Los ojos de Sinon recorrieron la habitación; no estaba llena más que de muchas jaulas.

Además, había otro camino al final de la sala.

Se acercó a la jaula más cercana y, bajo la mirada de todos, agarró la manta y tiró de ella.

La manta se deslizó suavemente hacia abajo, revelando un caparazón redondo y espinoso dentro de la jaula.

El caparazón era de color marrón y se movía continuamente hacia arriba y hacia abajo.

Una pequeña y delgada cabeza asomó por debajo del caparazón, mirando al grupo con grandes ojos redondos y brillantes.

Kyle entrecerró los ojos.

Era un quelonio salvaje, una bestia rara.

—He oído que este tipo de bestias son muy agresivas.

¿Por qué está tan tranquilo?

Sinon frunció el ceño, se agachó frente a la jaula y agitó la mano para atraer la atención del quelonio, pero este no se movió en absoluto.

—No percibo ningún movimiento de maná en él y las cadenas alrededor de su cuello son extrañas.

Miró a su alrededor y contó las jaulas.

—Hay nueve jaulas.

Revisemos las demás.

Regius se acercó a la jaula de su izquierda y bajó otra manta.

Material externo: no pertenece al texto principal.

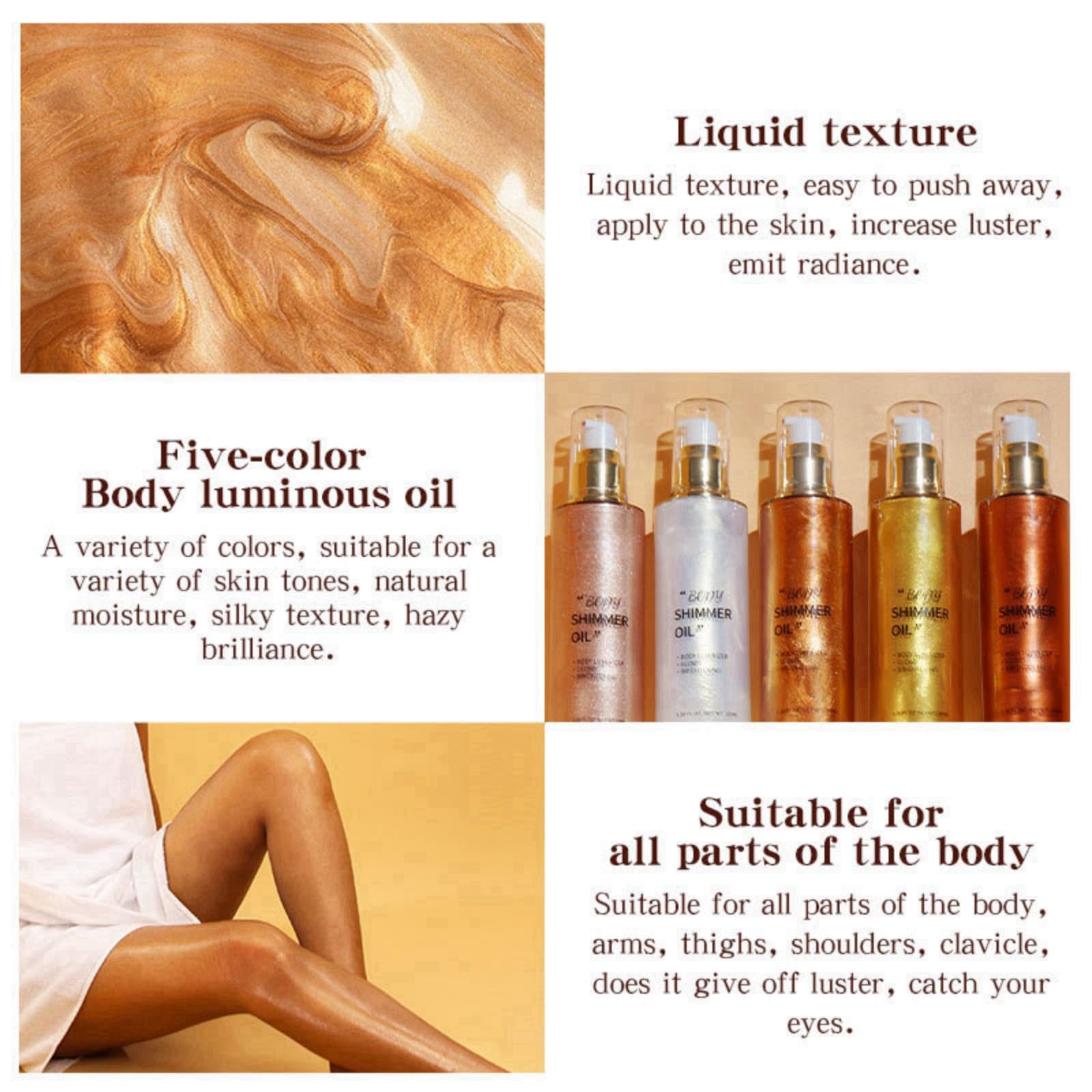 1.This body oil creates a subtle glow enhances natural skin tone.

Contuvo el aliento porque esta vez había un joven semi-humano encadenado dentro de la jaula.

Todo su cuerpo estaba cubierto con una sola pieza de tela blanca y estaba sentado inmóvil en un rincón.

—Sabía que veríamos este tipo de cosas, pero aun así estoy desconcertado.

Esos malditos bastardos.

Al igual que el quelonio, el semi-humano alzó los ojos para mirarlos, pero no se movió ni habló.

Sin embargo, sus ojos estaban llenos de pánico y pavor.

Sinon contempló las cadenas alrededor de los pies y las manos del semi-humano, y la ira brotó en su pecho.

Él era un semi-humano, y ver a un miembro de su raza encadenado frente a él no era nada agradable.

Se tambaleó hacia la jaula y espetó:
—¡Abramos las jaulas!

Regius lo agarró del brazo con el ceño fruncido para calmarlo.

—Las jaulas están hechas de materiales especiales, necesitaríamos mucho tiempo para romperlas.

Además, he revisado los anillos de almacenamiento y no he encontrado nada que pueda abrirlas.

Déjalo, los Guardias Reales están aquí.

Ellos liberarán a todos.

Sinon pareció reacio, pero aceptó.

Mientras contemplaban qué hacer, la mirada de Kyle se desvió hacia Yue.

Estaba de pie frente a la jaula de donde él había percibido los sonidos de agua.

Agarró la manta y tiró de ella hacia abajo, revelando una jaula bastante diferente.

Los ojos de Regius se abrieron de par en par; no solo él, todos se detuvieron y miraron la jaula con asombro.

La parte superior de la jaula estaba hecha de cristal transparente.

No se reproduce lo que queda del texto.